Quintana: Her Character and Didion’s Complicated Relationship With Her
Another successful aspect of Blue Nights is the character development of Didion’s daughter Quintana, and also of Didion’s development as the narrator. For much of the book, Didion delves into her daughter’s personality, exploring Quintana’s motivations and insecurities. She and her husband adopted Quintana at birth, their only child. Consequently, much of Quintana’s childhood was spent trying to behave like an adult.
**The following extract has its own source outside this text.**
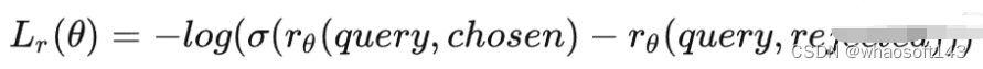 训练Reward Model是一个排序任务,针对query,输入chosen和rejected response,训练目标尽可能的使得chosen和rejected的差值更大,损失函数为:
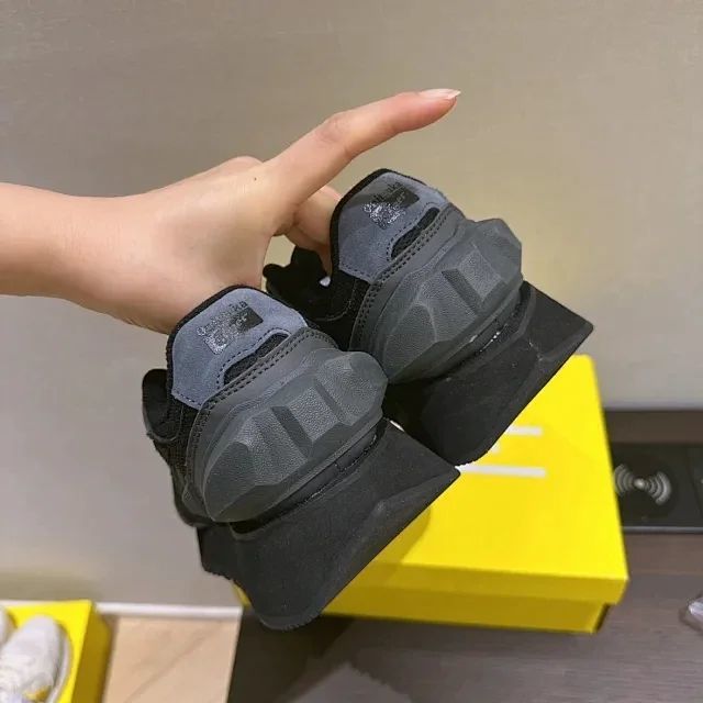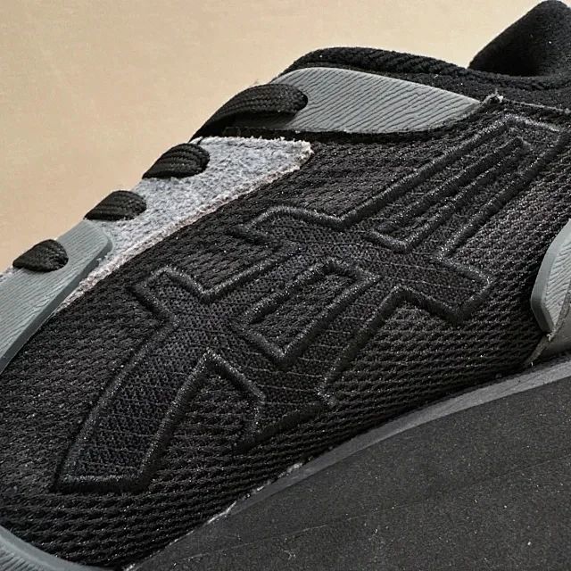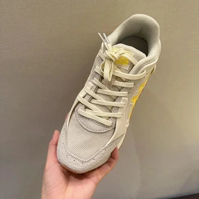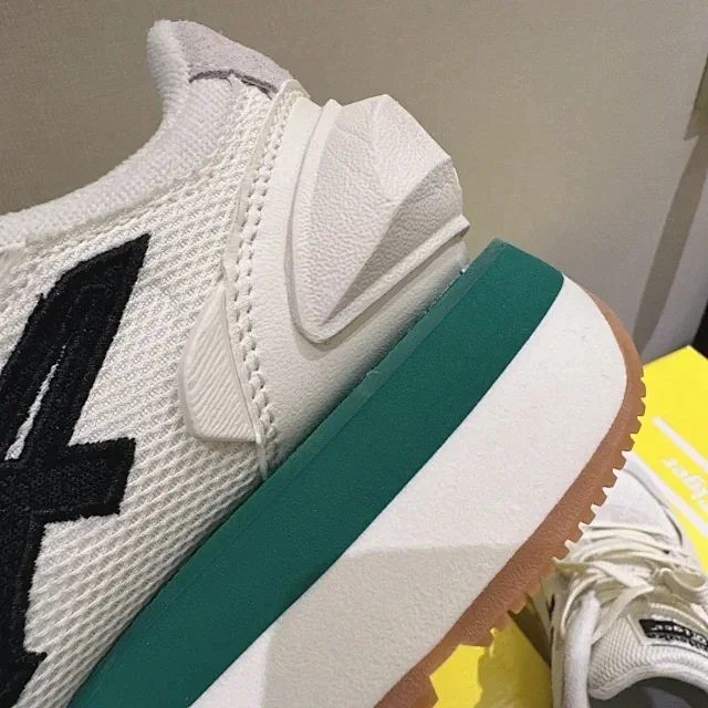 灵感来自上世纪80年代的跑鞋,融合经典与现代风格,鞋后跟采用独特大胆的凹凸设计,多种材料鞋面增添质感层次。

Didion explains, “As I describe these very clear memories I am struck by what they have in common: each involves [Quintana] trying to handle adult life, trying to be a convincing grown-up person at an age when she was still entitled to be a small child (p 86).” As I am working on a novel about a woman losing her child, the insight into Didion’s relationship with her daughter was alone worth the time spent reading this book. “When I began writing these pages,” Didion starts, “I believed their subject to be children, the ones we have and the ones we wish we had, the ways in which we depend on our children to depend on us, the ways in which we encourage them to remain children, the ways in which they remain more unknown to us than they do to their most casual acquaintances; the ways in which we remain equally opaque to them (p 53).”
Didion’s Fear Of Failure As A Parent
The most important insight, though, was in Didion’s own fear of failure as a parent, how her daughter’s death brought that fear into the forefront of her mind. In some ways, this book seemed to be her examination of the quality of her parenting: did she neglect her daughter? Is it her fault Quintana died? “Those of us less inclined to compliment ourselves on our parenting skills, in other words most of us, recite rosaries of our failures, our neglects, our derelictions and delinquencies (p 93).” How could a parent not blame themselves for the death of a child? Consequently, how will that self-blame affect the rest of that person’s life? Will they begin to question their own stability, as Didion does a few years later?
When we think about adopting a child, or for that matter about having a child at all, we stress the “blessing” aspect.
We omit the instant of the sudden chill, the “what-if,” the free fall into certain failure.
What if I fail to take care of this baby?
What if the baby fails to thrive, what if this baby fails to love me?
And worse yet, worse by far, so much worse as to be unthinkable, except I did think it, everyone who has ever waited to bring a baby home thinks it: what if I fail to love this baby? (p 58).